The .950 JDJ...Firing custom 2,400- to 3,600-grain bullets and reportedly matching the power of a World War I tank round, the SSK .950 JDJ is considered by many to be the world's largest (movable) centerfire rifle. The firearm boasts massive power and an equally large frame. A base model .950 JDJ weighs roughly 85 pounds and virtually requires being fired from a benchrest or similar support piece. Only three were ever made. A call to SSK Industries revealed that the firearm's action is no longer in production and that a custom-built .950 JDJ today would be in the realm of $17,000. Because of its power the firearm would normally be classified as a Destructive Device, but SSK was able to obtain a "Sporting Use Exception" that would allow them to be purchased much like any other rifle.


----------



## Rich Cronk (Feb 24, 2010)

glenway,

YoungDon will be glad to hear that, and he is one of the few on this board who could afford to buy one of those suckers for a walking varmint rifle.
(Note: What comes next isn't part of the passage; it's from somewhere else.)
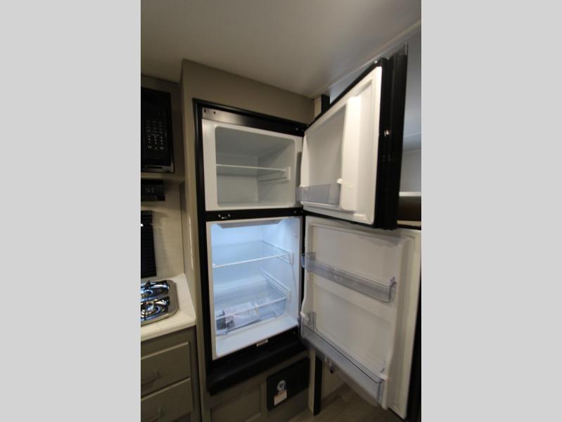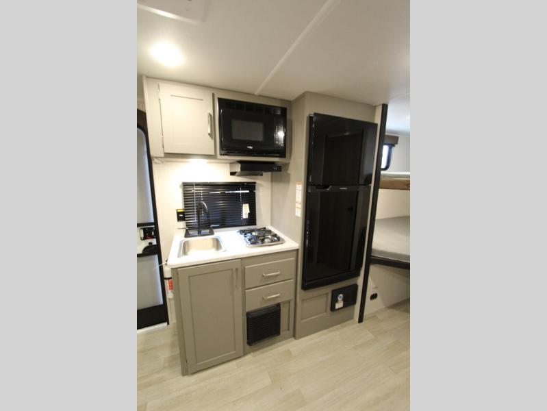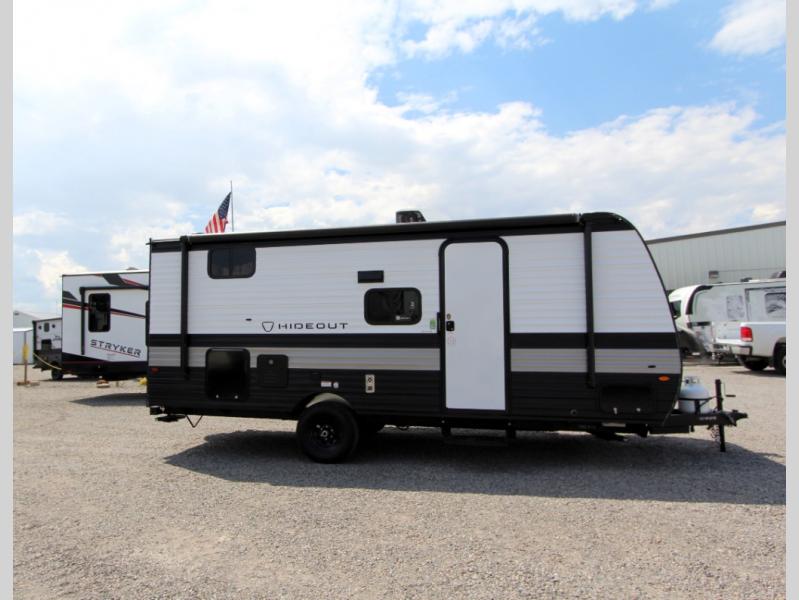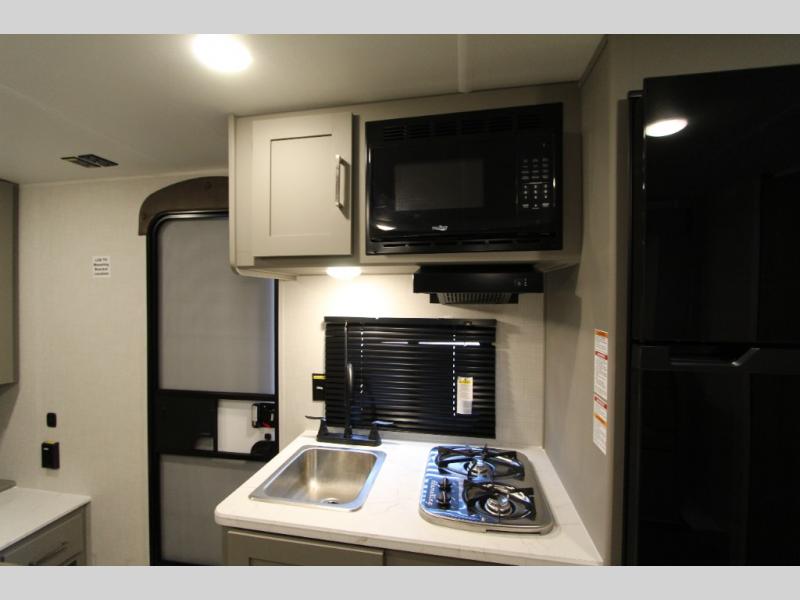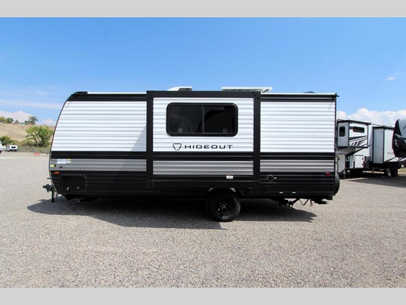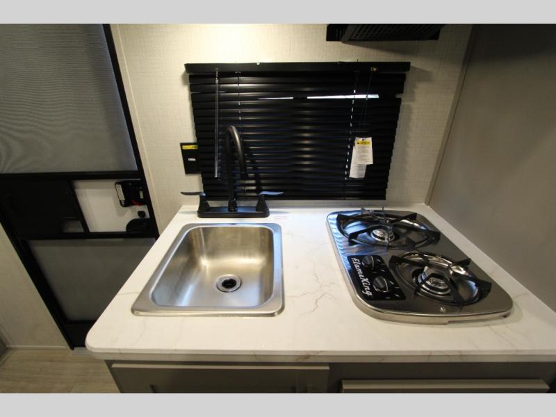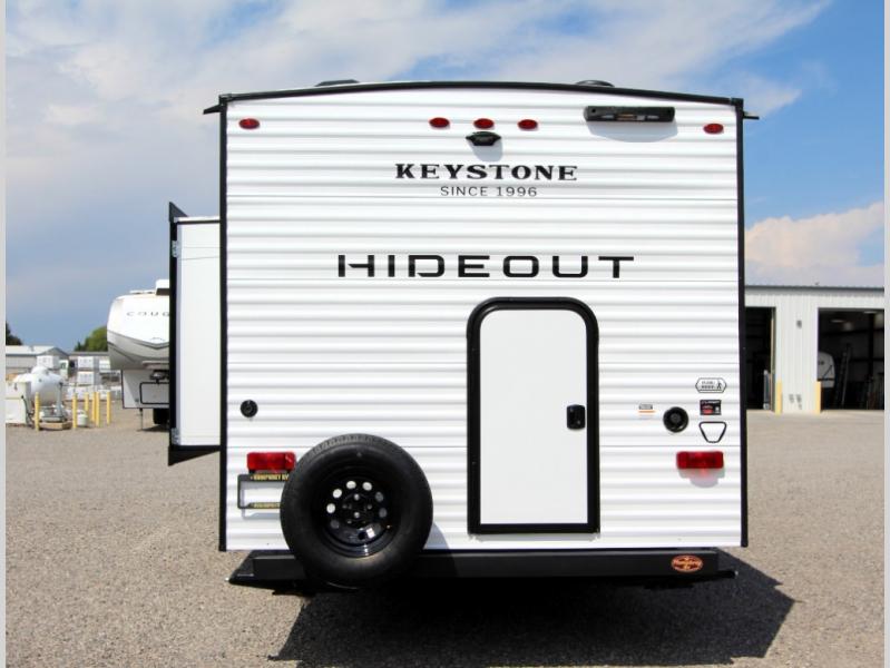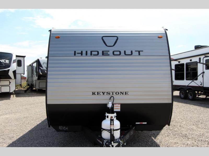 With any Hideout Mini travel trailer by Keystone, you will enjoy lightweight towing thanks to their single-axle! The AlphaPly TPO roof membrane is ultra durable, and the power awning will provide protection from the sun as you relax in your camp chairs outside. Each model includes blackout night shades, LED lighting, plus many more interior comforts. There is also a roof A/C and 20K BTU furnace to keep you comfortable, plus a tankless water heater for endless hot showers!

It would really give him the whomp and stomp needed for coyote shooting. Kill em and skin em with just one shot.


----------



## youngdon (Mar 10, 2010)

Lol. Rich. I Am a JDJ fan. Ever since I discovered the 375JDJ in my contender and what it would so to an elk. But that may be a bit much. Lugging 85 lbs of steel around the desert...... Not this guy !


----------



## Rick Howard (Feb 25, 2012)

$17,000 is a bargin! I would mount it to the top of my car..... Folks would think twice about how they are driving around me then.... lol


----------



## glenway (Mar 27, 2011)

Hey, YD. Maybe JD Jones could fashion one for your Contender so it wouldn't be so heavy. Might need a long barrel to make sure the round didn't stick out the muzzle, though.


----------